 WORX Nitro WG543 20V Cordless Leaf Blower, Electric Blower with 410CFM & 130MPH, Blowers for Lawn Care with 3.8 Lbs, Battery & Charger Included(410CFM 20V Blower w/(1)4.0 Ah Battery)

——————

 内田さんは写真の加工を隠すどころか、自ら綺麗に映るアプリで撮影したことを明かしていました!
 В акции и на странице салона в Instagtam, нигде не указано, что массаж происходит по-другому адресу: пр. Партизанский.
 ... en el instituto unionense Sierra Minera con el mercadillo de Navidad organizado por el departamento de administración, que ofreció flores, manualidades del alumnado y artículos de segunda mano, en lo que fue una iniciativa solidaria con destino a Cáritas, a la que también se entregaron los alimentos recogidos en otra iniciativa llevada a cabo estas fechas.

——————

▶ [INSTRUCTIONS TO FOLLOW]: All lines in the listing above between the line with "内田さんは写真の加工を隠すど" and the line with "cabo estas fechas.", inclusive, should be set down exactly, and no line outside that range.

▶ [SOLUTION BELOW]:
 内田さんは写真の加工を隠すどころか、自ら綺麗に映るアプリで撮影したことを明かしていました!
 В акции и на странице салона в Instagtam, нигде не указано, что массаж происходит по-другому адресу: пр. Партизанский.
 ... en el instituto unionense Sierra Minera con el mercadillo de Navidad organizado por el departamento de administración, que ofreció flores, manualidades del alumnado y artículos de segunda mano, en lo que fue una iniciativa solidaria con destino a Cáritas, a la que también se entregaron los alimentos recogidos en otra iniciativa llevada a cabo estas fechas.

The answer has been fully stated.